— Given data —
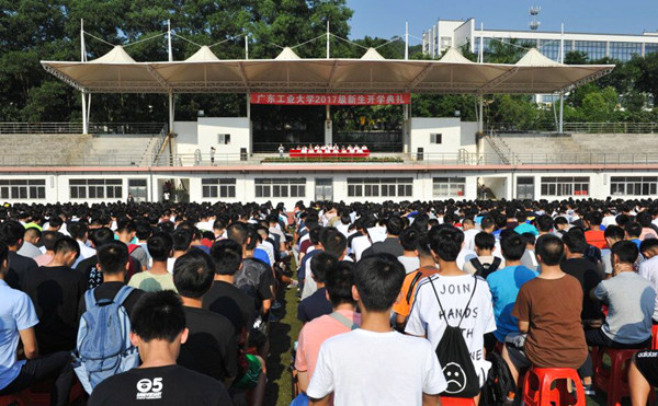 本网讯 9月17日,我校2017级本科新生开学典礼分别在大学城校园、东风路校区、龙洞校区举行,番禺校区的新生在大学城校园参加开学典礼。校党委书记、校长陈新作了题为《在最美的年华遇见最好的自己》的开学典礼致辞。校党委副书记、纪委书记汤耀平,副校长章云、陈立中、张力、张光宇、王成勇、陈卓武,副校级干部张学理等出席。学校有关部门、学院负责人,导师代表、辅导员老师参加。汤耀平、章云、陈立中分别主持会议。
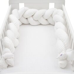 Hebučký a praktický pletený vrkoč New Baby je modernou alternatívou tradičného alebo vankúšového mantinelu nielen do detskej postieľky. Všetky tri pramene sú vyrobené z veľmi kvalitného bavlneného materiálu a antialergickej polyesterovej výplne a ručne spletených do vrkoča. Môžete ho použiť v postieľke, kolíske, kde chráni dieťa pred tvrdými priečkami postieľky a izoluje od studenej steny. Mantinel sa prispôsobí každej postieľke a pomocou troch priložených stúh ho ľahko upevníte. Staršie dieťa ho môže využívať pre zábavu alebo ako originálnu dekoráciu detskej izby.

...

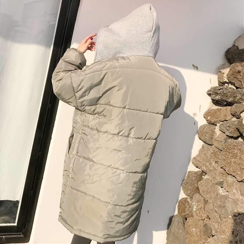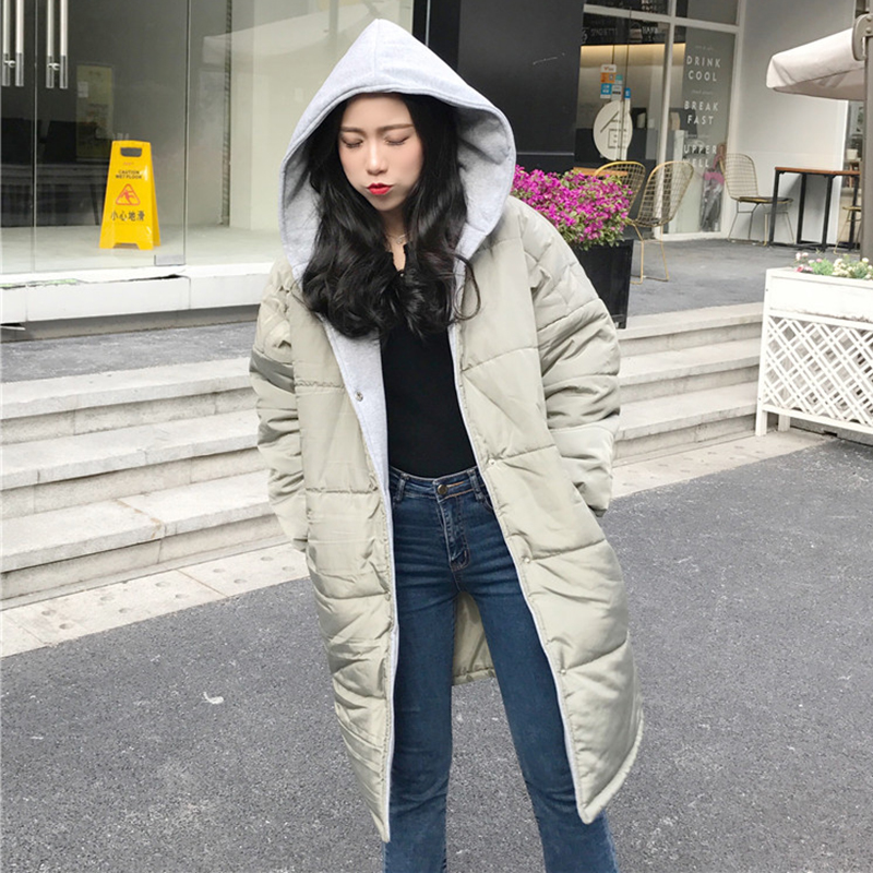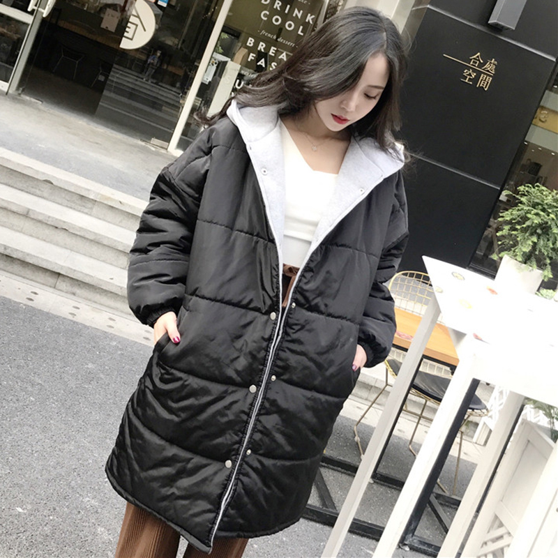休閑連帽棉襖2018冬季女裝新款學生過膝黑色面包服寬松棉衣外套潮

==

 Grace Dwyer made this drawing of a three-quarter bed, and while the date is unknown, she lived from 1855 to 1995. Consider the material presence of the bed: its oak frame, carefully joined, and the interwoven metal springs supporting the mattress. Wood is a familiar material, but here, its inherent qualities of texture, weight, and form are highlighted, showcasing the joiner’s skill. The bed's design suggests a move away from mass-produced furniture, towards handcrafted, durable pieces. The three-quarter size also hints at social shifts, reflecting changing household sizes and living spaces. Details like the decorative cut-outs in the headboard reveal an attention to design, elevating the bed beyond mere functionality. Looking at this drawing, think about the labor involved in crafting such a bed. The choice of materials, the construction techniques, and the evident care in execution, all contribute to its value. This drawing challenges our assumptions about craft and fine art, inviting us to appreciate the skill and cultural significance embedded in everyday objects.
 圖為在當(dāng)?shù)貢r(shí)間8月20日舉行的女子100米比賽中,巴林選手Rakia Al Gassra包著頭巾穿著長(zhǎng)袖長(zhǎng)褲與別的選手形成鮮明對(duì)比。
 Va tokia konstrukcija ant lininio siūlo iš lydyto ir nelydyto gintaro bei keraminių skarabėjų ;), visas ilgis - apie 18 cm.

— To do —
Among the lines above, the one with "本网讯 9月17日,我校20" opens the part to repeat and the one with "Hebučký a praktický" closes it; repeat only that part exactly, with no pictures.

— Written answer —
 本网讯 9月17日,我校2017级本科新生开学典礼分别在大学城校园、东风路校区、龙洞校区举行,番禺校区的新生在大学城校园参加开学典礼。校党委书记、校长陈新作了题为《在最美的年华遇见最好的自己》的开学典礼致辞。校党委副书记、纪委书记汤耀平,副校长章云、陈立中、张力、张光宇、王成勇、陈卓武,副校级干部张学理等出席。学校有关部门、学院负责人,导师代表、辅导员老师参加。汤耀平、章云、陈立中分别主持会议。
 Hebučký a praktický pletený vrkoč New Baby je modernou alternatívou tradičného alebo vankúšového mantinelu nielen do detskej postieľky. Všetky tri pramene sú vyrobené z veľmi kvalitného bavlneného materiálu a antialergickej polyesterovej výplne a ručne spletených do vrkoča. Môžete ho použiť v postieľke, kolíske, kde chráni dieťa pred tvrdými priečkami postieľky a izoluje od studenej steny. Mantinel sa prispôsobí každej postieľke a pomocou troch priložených stúh ho ľahko upevníte. Staršie dieťa ho môže využívať pre zábavu alebo ako originálnu dekoráciu detskej izby.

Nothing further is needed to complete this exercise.